Ethan’s throat burned as he watched it all unfold. For the first time in a long while, the orchard didn’t feel like something he was carrying on his back. It felt like something bigger. Something held together by everyone who’d just stepped off that bus.

And he welcomed it.

Ethan let out a long, slow breath. Honey’s hand found his, and she laced her fingers through his. She gave a quick squeeze, and though neither of them spoke, he understood. They both knew what this was—a farewell dressed in the colors of a harvest festival.

He tried to memorize every second. The laughter, the music, the smell of cider, the girls running wild with sticky hands and pink cheeks. He’d built this day like a goodbye gift—for them, for the town, maybe even for himself. And if he was being honest, for her too.

“Someone’s here!” Melly’s voice rang out, high and sharp as she sprinted past the hay bales.

“Who?” Honey asked.

Ethan glanced toward the road, brows pulling together when he spotted the cab driver who’d first dropped Honey at the farm.
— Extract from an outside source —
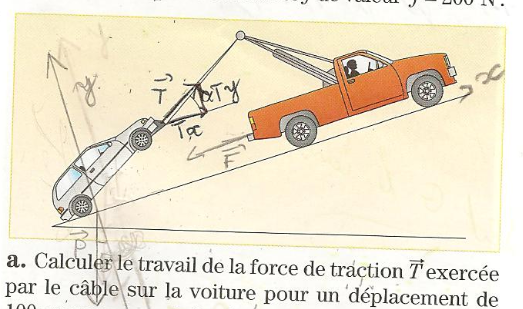 Une dépanneuse tracte une voiture de masse m = 980 kg avec un câble incliné d'un angle
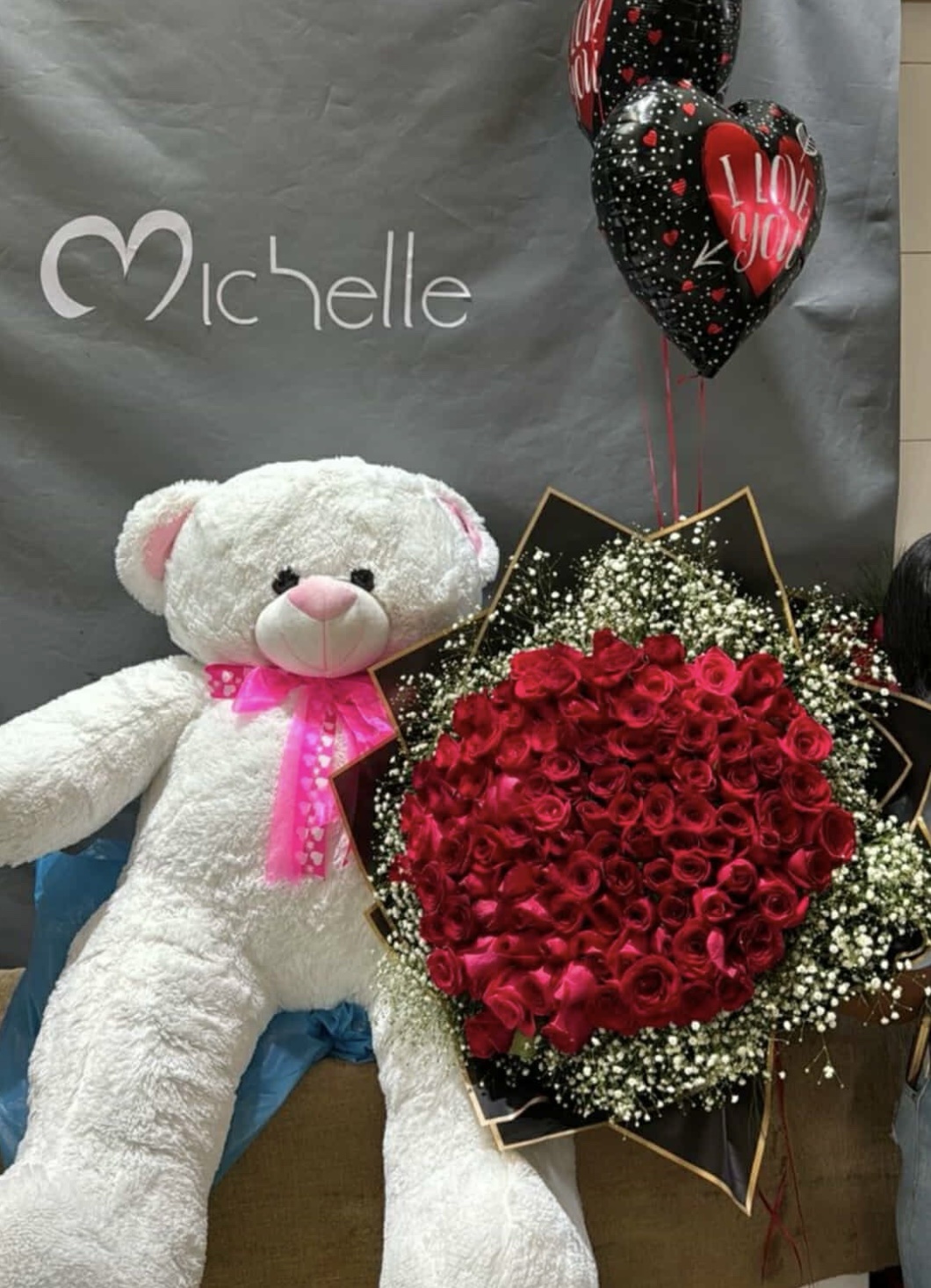 Oso de peluche de 1.30 metros con ramillete de 100 Rosas y 3 globos con helio.

The driver climbed out of the cab, stretched like a man clocking out for the day, and ambled toward the nearest row of trees like he fully intended to help himself to a few apples while he waited.

For a second, Ethan thought that was it.

But then the back door of the cab flew open.
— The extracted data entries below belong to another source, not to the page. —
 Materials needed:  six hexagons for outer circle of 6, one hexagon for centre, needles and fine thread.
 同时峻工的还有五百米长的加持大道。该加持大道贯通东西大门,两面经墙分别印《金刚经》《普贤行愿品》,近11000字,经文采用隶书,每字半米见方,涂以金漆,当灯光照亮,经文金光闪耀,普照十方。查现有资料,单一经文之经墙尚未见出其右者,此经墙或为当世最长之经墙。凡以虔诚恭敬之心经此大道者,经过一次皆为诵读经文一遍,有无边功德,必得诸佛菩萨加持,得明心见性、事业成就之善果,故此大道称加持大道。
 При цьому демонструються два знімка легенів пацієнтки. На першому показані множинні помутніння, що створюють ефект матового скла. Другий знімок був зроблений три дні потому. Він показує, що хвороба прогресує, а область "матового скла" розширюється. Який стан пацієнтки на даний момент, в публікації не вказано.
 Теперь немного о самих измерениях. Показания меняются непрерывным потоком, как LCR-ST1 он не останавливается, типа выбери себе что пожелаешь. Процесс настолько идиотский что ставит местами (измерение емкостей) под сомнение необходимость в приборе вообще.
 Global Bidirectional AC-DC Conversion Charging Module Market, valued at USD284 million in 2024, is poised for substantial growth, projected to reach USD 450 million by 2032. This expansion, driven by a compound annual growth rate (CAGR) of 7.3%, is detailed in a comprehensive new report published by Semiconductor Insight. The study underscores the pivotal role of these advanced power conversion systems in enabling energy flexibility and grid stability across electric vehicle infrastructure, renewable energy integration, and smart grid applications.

A woman came hurtling out, crossbody bag bouncing against her hip as she tore across the field. Honey barely had time to drop his hand before the woman slammed into her with a hug that nearly knocked them both to the ground.

“Hello, Ruby,” Honey said, voice muffled against the wild hair of her friend.
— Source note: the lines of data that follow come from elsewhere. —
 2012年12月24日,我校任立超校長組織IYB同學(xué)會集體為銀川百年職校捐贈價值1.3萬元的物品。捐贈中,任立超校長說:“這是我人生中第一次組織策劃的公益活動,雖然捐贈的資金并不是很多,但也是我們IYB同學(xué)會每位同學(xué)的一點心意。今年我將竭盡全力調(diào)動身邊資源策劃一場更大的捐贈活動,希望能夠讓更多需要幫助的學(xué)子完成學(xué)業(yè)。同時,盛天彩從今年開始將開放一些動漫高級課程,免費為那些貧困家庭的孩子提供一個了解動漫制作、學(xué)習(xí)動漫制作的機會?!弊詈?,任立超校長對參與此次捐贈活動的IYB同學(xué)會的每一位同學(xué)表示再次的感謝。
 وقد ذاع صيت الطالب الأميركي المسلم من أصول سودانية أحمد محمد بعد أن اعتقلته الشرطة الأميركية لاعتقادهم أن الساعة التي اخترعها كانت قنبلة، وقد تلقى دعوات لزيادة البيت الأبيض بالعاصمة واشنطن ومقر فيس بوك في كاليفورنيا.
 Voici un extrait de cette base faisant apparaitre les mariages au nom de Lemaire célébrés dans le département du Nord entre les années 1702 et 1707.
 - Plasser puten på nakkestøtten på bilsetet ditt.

“Look at you!” Ruby cried, drawing back just far enough to examine her. “Country woman! It looks good on you.”

Honey laughed, breathless and teary-eyed all at once. “You came.”

Ruby beamed. “Of course I came. You didn’t think I’d let you gallivant off to the Land of Oz without me, did you?”

“I should have guessed.”

“And you must be the hot farmer?” Ruby released Honey to acknowledge Ethan.

“Ruby,” Honey chastised.

Ethan laughed good-naturedly, all the weight and worry of the moment tucked away neatly.

He was used to deflecting attention, to keeping himself in the background, but Honey glowed beside him.

Her eyes bright with excitement. Ruby was someone Honey trusted, someone who could make her laugh like that, and that made Ethan want to stand a little straighter.

“I’ll leave you two to catch up,” he said.

He walked away, taking in the smell of the orchard, the soft rustle of leaves in the breeze, and the sight of Honey laughing freely. It struck him how much he wanted to protect this peace.

From the corner of his eye, he watched Ruby lean closer. “Tell me everything,” she said as he walked away.